Fear of Scots

The anti-Scots people should try to get over their fear of Scots.

Scots was never learned in classrooms but from other children who were exposed to it in families and communities that were considered a bit rough. Thus it was deemed to be slang and indicative of poverty or stupidity. In the households of the aspiring working class, there was a constant vigil kept for any evidence of these unkempt and rascally words.

Dropping consonants and changing vowels was greeted like the appearance of head lice. It wasn’t so much fear of the language but fear that your children may be judged harshly if they used it. “Ah’m away hame fur ma tea, see yiz the morra” would soon be corrected and you would be urged to “speak properly”. Some of us simply liked to speak like this from time to time because it gave you the thrill of doing something forbidden.

That fear still seems to exist among those of the revitalised Scottish hard right. Any manifestations of this rough and untutored language are often greeted with howls of outrage, and entire opinion and comment articles are penned disdaining and ridiculing those who seek to promote the Scots language. They politicise it and regard it as a tool of Scottish nationalism, though quite how it could be deployed as such and for what purpose is never explained.

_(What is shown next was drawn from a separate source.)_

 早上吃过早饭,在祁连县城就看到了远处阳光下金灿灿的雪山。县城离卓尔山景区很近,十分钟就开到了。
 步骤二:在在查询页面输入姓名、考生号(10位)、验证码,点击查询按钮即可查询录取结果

Only bampots will girn about BBC’s poetic delight | Kevin McKenna

t won’t be long now before BBC Scotland is assailed by the sentinels of right thinking over the content of Thursday’s morning radio news show. What on earth was the national broadcaster thinking of? To mark National Poetry Day the station asked its new poet-in-residence, Stuart A Paterson, to read a poem he had written for the occasion.

In the comments section a couple of quite poignant contributions on this theme.

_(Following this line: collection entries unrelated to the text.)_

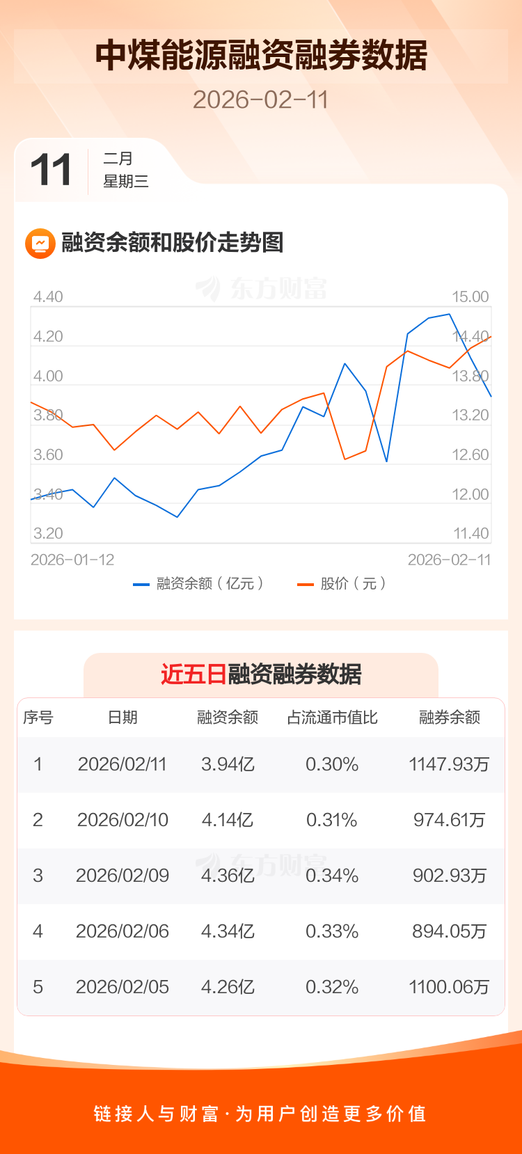 交易所最新数据显示,中煤能源于2026年2月11日获融资买入5286.40万元,融资偿还7281.66万元,当日融资净偿还1995.27万元。目前,该股融资余额3.94亿,占流通市值比例为0.30%。
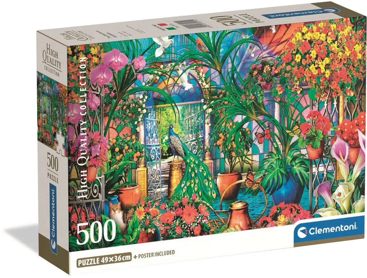Portarna står öppna till trädgårdens fantastiska växthus. Här frodas exotiska växter, färgglada blommor och små apelsinträd i krukor. En ståtlig påfågel syns i centrum av motivet och andra djur som fjärilar, duvor och nyckelpigor verkar också trivas i den lugna atmosfären. Men duvorna får nog hålla sig i luften, det verkar nämligen även vara en liten katt som kommit in i växthuset idag.
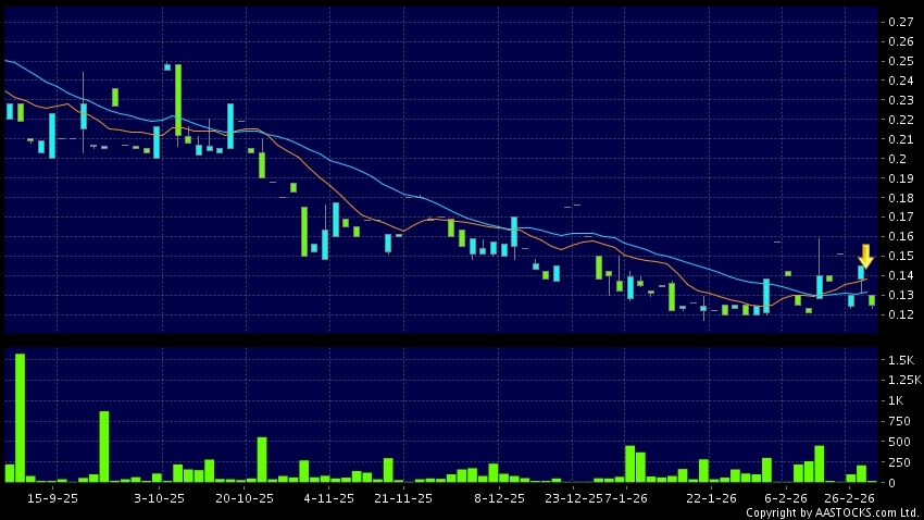 生活概念(08056.HK) 0.000 (0.000%) 10天移動平均線跌穿20天移動平均線,出現死亡交叉。現價報0.125,下跌13.793%,成交量2.00萬股,成交額2.53千。

Saorsa Like others, I disagree with “in families and communities that were considered a bit rough”. My Doric is that of my grandfolks and family in the fishing villages of the Moray Firth – it was just what people spoke. It was my parents generation, the first off to university, who learned to be ashamed; and in my own school years it was thick Aberdonian at school (or be bullied) and The Queen’s English at home (or be skelped). Add starting abroad, and I quickly became a chameleon. It makes me sad now to think how I unquestioningly stripped out the Doric for university in the south, then flattened my accent again for life in England. The linguistic versatility is a gift; but the feeling that it is we who must give up parts of ourselves to fit in: that is wrong. Though, reading the poem, then thinking on some of my more impassioned comments – I may be writing in English, but the rhythm and roll of the language perhaps contains the Scots still 🙂

Dandyhurl  Saorsa I can wholly identify having had to cope with the different registers required for social intercourse on the fringes of the New Town in Edinburgh as a child/adolescent. Home and (fee-paying) school were strictly – very strictly! – SSE, whereas playing in the street or parks (I’m going back to the fifties and sixties when we still played in the street!), or going to the fitba’, required a much earthier variant. This was normally done automatically, sub-consciously, though of course there were awkward moments when you had to stop and consider if, for example, “Ah cannae dae it” or “I can’t do it” would be more appropriate. A skelp on the lug could very well have been at stake!. I’m afraid I can’t remember where now, but I seem to recall having read about someone coming up with the theory that this code-switching was an inspiration to RLS to explore the implications of duality, which, of course, he did most successfully in many of his works.